### ASSIGNMENT:
Transcribe the listing in full, word for word; pictures do not belong in the copy.

### DATASET CONTENT:

______________________________

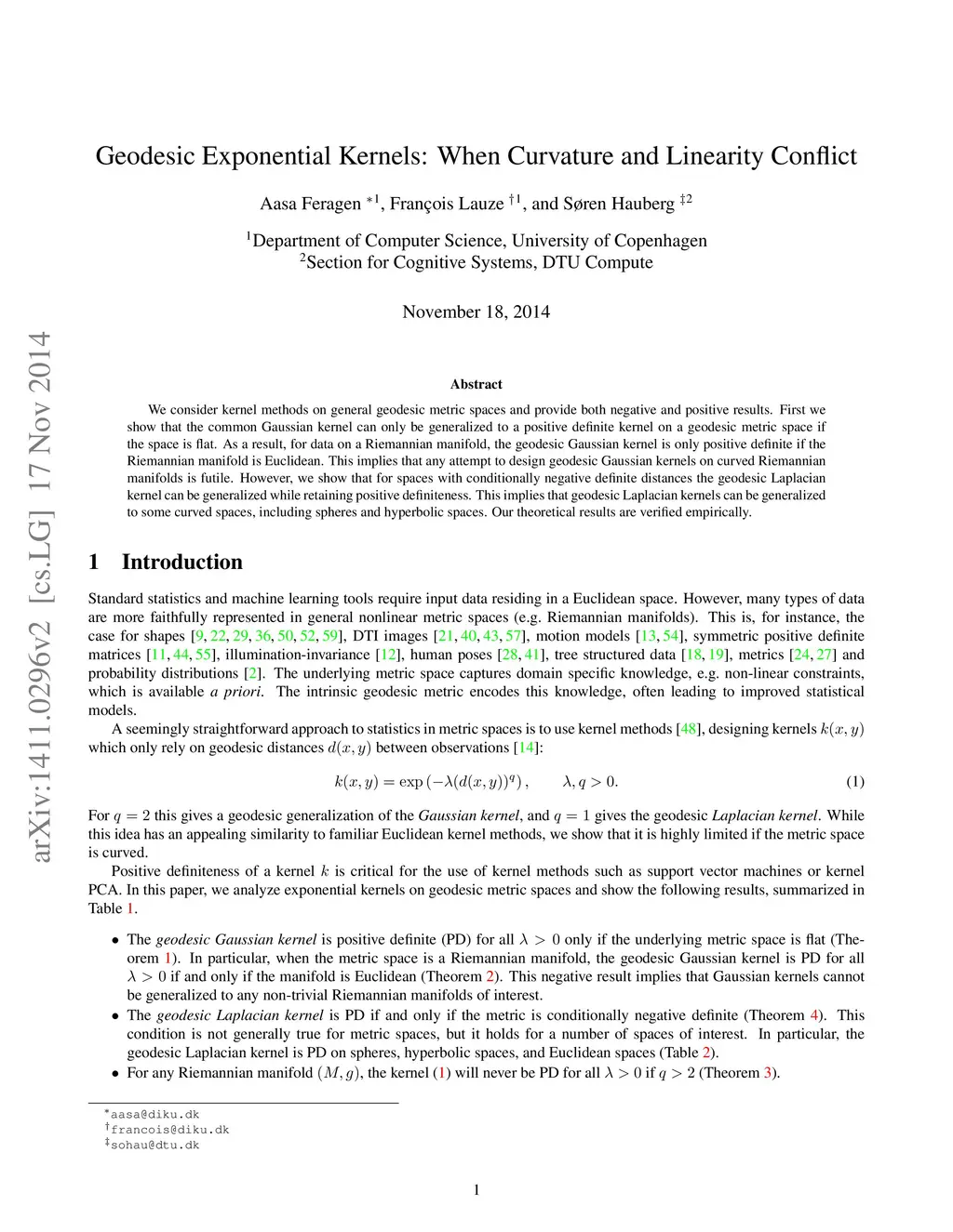 Geodesic Exponential Kernels: When Curvature and Linearity Conflict
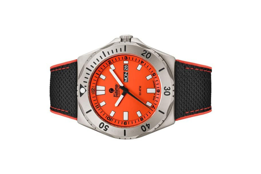 Đồng hồ đeo tay thương hiệu Tutima, dòng sản phẩm M2 Seven Seas, Ref no: 6151-07, mặt số cam Signal, size 44mm, máy tự động, vỏ đồng hồ bằng titanium và dây đeo vải Kevlar, hàng mới 100%
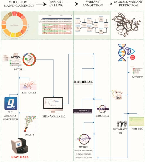 - Calabrese, C.; Simone, D.; Diroma, M.A.; Santorsola, M.; Gutta, C.; Gasparre, G.; Picardi, E.; Pesole, G.; Attimonelli, M. MToolBox: A highly automated pipeline for heteroplasmy annotation and prioritization analysis of human mitochondrial variants in high-throughput sequencing. Bioinformatics 2014, 30, 3115–3117. [Google Scholar] [CrossRef] [PubMed]
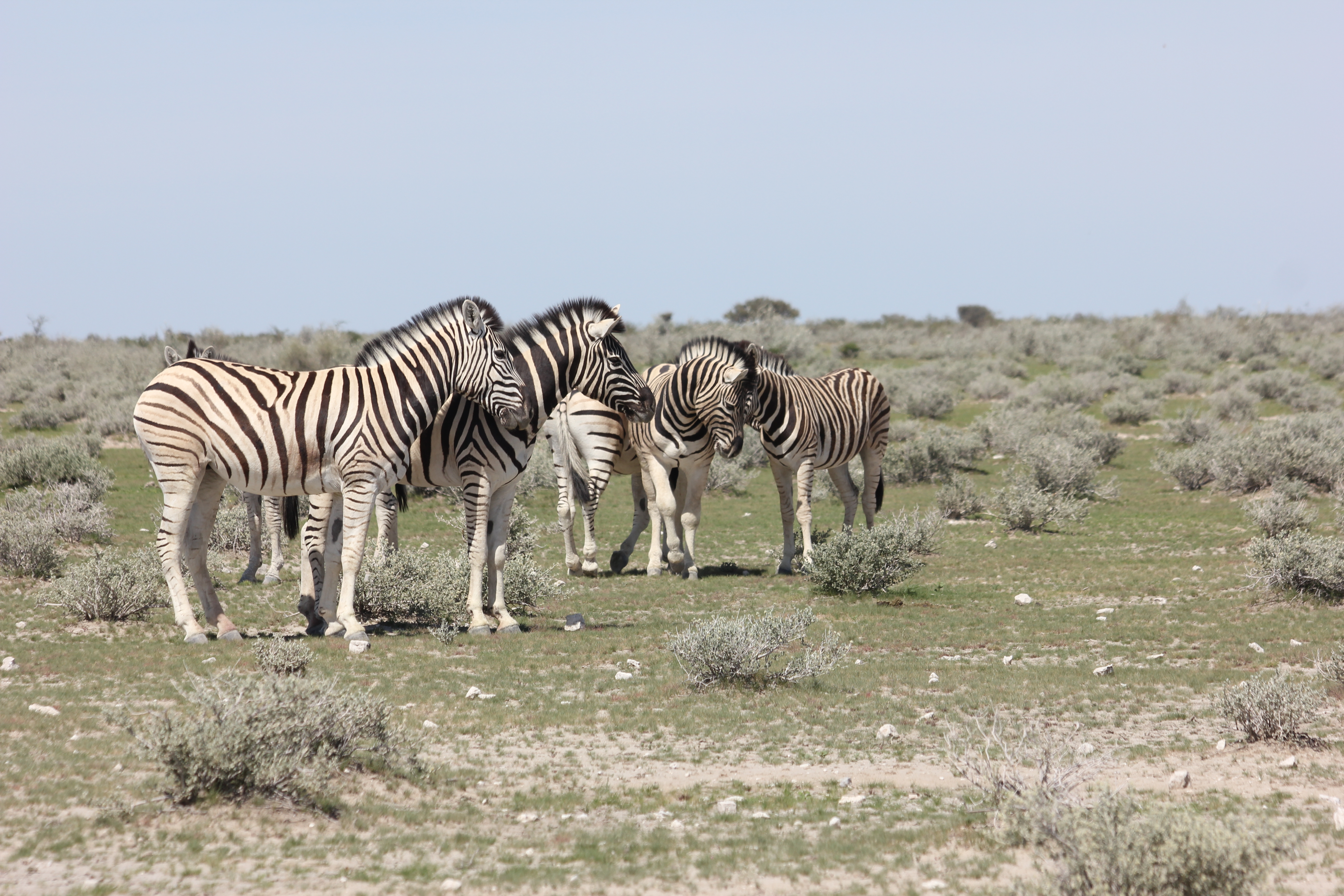 Petit déjeuner pris avec le soleil qui se lève dans le ciel et vient réchauffer nos visages, le café a définitivement une meilleure saveur lorsqu’il est pris dans de telles conditions. Notre petite organisation se met en place tout naturellement, je désinstalle les 2 tentes pendant que Nathalie et les garçons rangent le petit déjeuner et s’habillent. Une fois que notre Luffy est chargé, tout le monde se met en voiture, nous expliquons un peu aux garçons le parcours que nous allons réaliser aujourd’hui dans Etosha, avant de rejoindre Okaukuejo, situé rappelez-vous à 150km de là. Nous décidons de faire la boucle du « Rhino Drive », qui démarre au sud du campement, pour une boucle de quelques dizaines de kilomètres. Son nom est très prometteur, on se dit que les rhinos aperçus hier ne sont peut-être pas très loin, et que ce serait bête de ne pas tenter notre chance. Si la piste est assez sympa, avec d’énormes flaques d’eau à traverser (il y a 4 enfants dans ces cas-là dans la voiture, Nathalie est la seule personne responsable dans le lot), il faut avouer que nous ne verrons pas un chat durant cette boucle. Un peu déçus forcément, nous nous trainons encore un peu sur la piste longeant le Pan asséché en espérant croiser des animaux, mais sans succès. Le décor change au fil des kilomètres que nous parcourons, et mis à part quelques zèbres et springbocks aperçus le long de la piste, cela reste assez monotone, surtout pour les garçons. Je ne vais pas faire comme ci de rien était et jouer au parent « modèle », parmi l’équipement que nous avons pris pour occuper nos longs trajets, nous avons pris en plus des jeux de cartes 3 petites consoles portables, que nous décidons de dévoiler. Inutile de dire que dès lors l’attention des enfants n’est plus, mais nous essayons au possible de retarder le moment ou ils peuvent jouer, et d’en limiter l’accès.

______________________________

### FINISHED TASK:
 Geodesic Exponential Kernels: When Curvature and Linearity Conflict
 Đồng hồ đeo tay thương hiệu Tutima, dòng sản phẩm M2 Seven Seas, Ref no: 6151-07, mặt số cam Signal, size 44mm, máy tự động, vỏ đồng hồ bằng titanium và dây đeo vải Kevlar, hàng mới 100%
 - Calabrese, C.; Simone, D.; Diroma, M.A.; Santorsola, M.; Gutta, C.; Gasparre, G.; Picardi, E.; Pesole, G.; Attimonelli, M. MToolBox: A highly automated pipeline for heteroplasmy annotation and prioritization analysis of human mitochondrial variants in high-throughput sequencing. Bioinformatics 2014, 30, 3115–3117. [Google Scholar] [CrossRef] [PubMed]
 Petit déjeuner pris avec le soleil qui se lève dans le ciel et vient réchauffer nos visages, le café a définitivement une meilleure saveur lorsqu’il est pris dans de telles conditions. Notre petite organisation se met en place tout naturellement, je désinstalle les 2 tentes pendant que Nathalie et les garçons rangent le petit déjeuner et s’habillent. Une fois que notre Luffy est chargé, tout le monde se met en voiture, nous expliquons un peu aux garçons le parcours que nous allons réaliser aujourd’hui dans Etosha, avant de rejoindre Okaukuejo, situé rappelez-vous à 150km de là. Nous décidons de faire la boucle du « Rhino Drive », qui démarre au sud du campement, pour une boucle de quelques dizaines de kilomètres. Son nom est très prometteur, on se dit que les rhinos aperçus hier ne sont peut-être pas très loin, et que ce serait bête de ne pas tenter notre chance. Si la piste est assez sympa, avec d’énormes flaques d’eau à traverser (il y a 4 enfants dans ces cas-là dans la voiture, Nathalie est la seule personne responsable dans le lot), il faut avouer que nous ne verrons pas un chat durant cette boucle. Un peu déçus forcément, nous nous trainons encore un peu sur la piste longeant le Pan asséché en espérant croiser des animaux, mais sans succès. Le décor change au fil des kilomètres que nous parcourons, et mis à part quelques zèbres et springbocks aperçus le long de la piste, cela reste assez monotone, surtout pour les garçons. Je ne vais pas faire comme ci de rien était et jouer au parent « modèle », parmi l’équipement que nous avons pris pour occuper nos longs trajets, nous avons pris en plus des jeux de cartes 3 petites consoles portables, que nous décidons de dévoiler. Inutile de dire que dès lors l’attention des enfants n’est plus, mais nous essayons au possible de retarder le moment ou ils peuvent jouer, et d’en limiter l’accès.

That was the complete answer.